*WORK INSTRUCTIONS:* Copy exactly the lines of the material below that fall between the line with "Colorful background with" and the line with "Borsa a tracolla", both of those lines included; pictures stay out.

*DATA:*
......
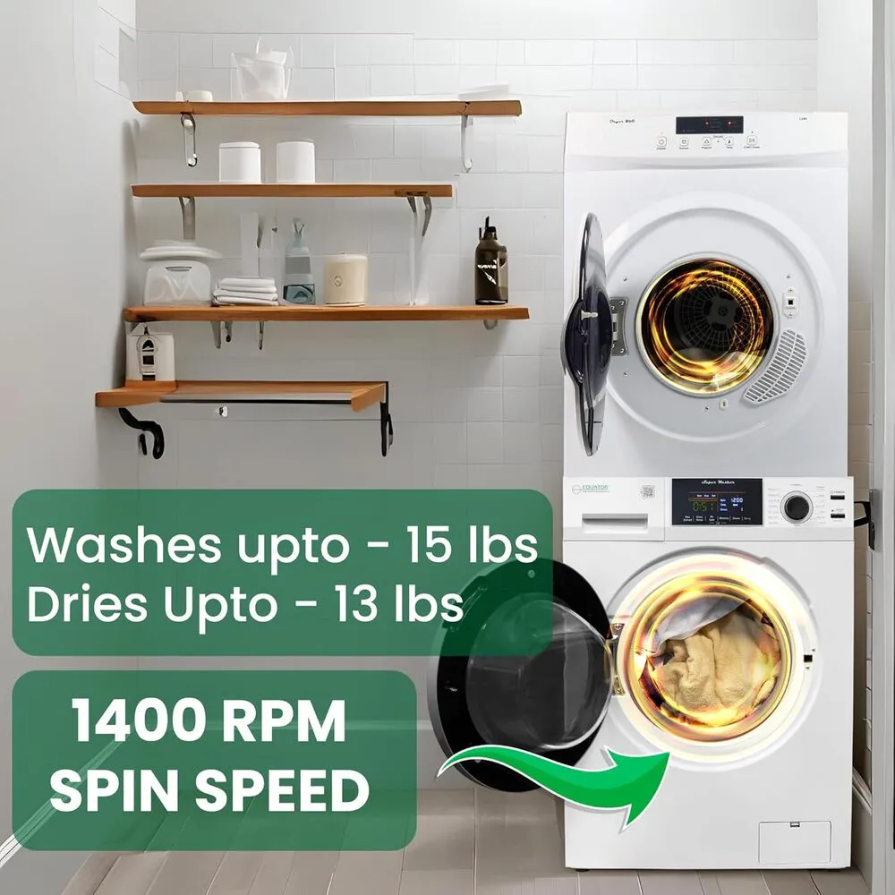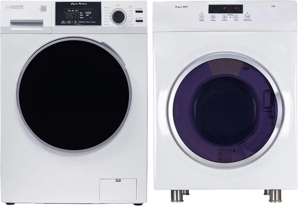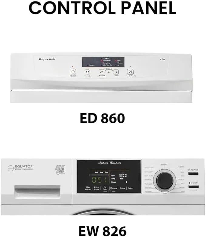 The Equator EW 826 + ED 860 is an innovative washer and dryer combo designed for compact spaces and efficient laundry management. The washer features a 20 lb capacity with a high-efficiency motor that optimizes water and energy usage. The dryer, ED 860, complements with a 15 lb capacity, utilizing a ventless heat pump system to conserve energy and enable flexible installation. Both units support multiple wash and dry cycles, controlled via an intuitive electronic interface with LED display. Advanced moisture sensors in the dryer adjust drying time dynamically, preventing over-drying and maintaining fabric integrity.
......
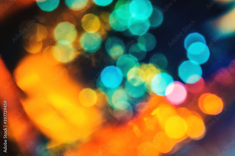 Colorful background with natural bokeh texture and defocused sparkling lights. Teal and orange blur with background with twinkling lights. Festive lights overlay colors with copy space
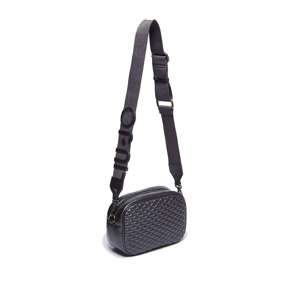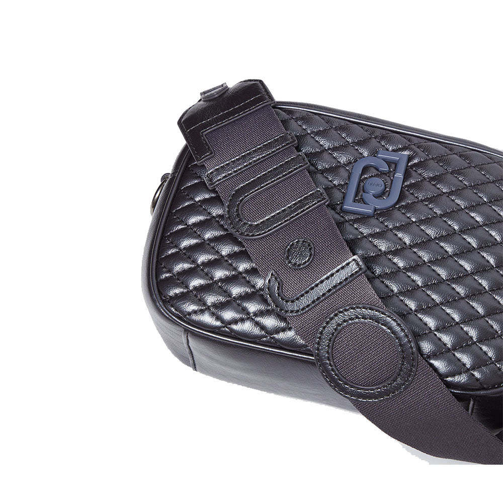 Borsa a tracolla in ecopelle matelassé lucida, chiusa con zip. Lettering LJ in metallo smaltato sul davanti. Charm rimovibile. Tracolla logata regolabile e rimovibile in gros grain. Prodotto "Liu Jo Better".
......
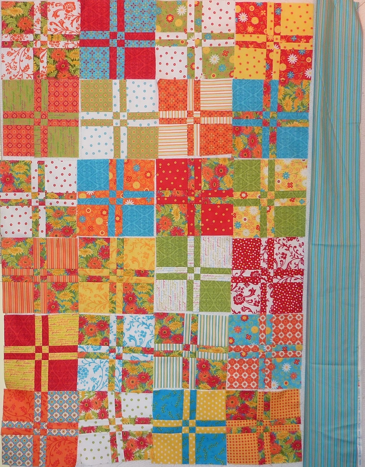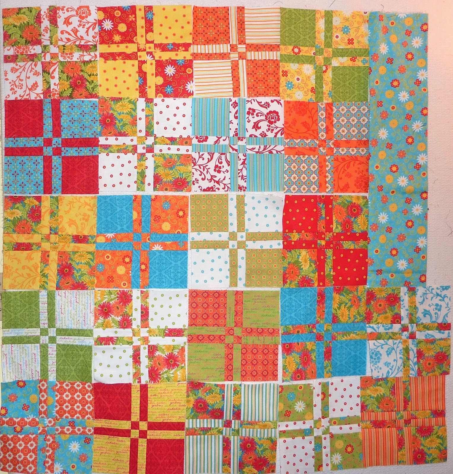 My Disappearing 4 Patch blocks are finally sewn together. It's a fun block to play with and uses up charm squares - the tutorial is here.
......
*OUTPUT OF THE EXERCISE:*
 Colorful background with natural bokeh texture and defocused sparkling lights. Teal and orange blur with background with twinkling lights. Festive lights overlay colors with copy space
 Borsa a tracolla in ecopelle matelassé lucida, chiusa con zip. Lettering LJ in metallo smaltato sul davanti. Charm rimovibile. Tracolla logata regolabile e rimovibile in gros grain. Prodotto "Liu Jo Better".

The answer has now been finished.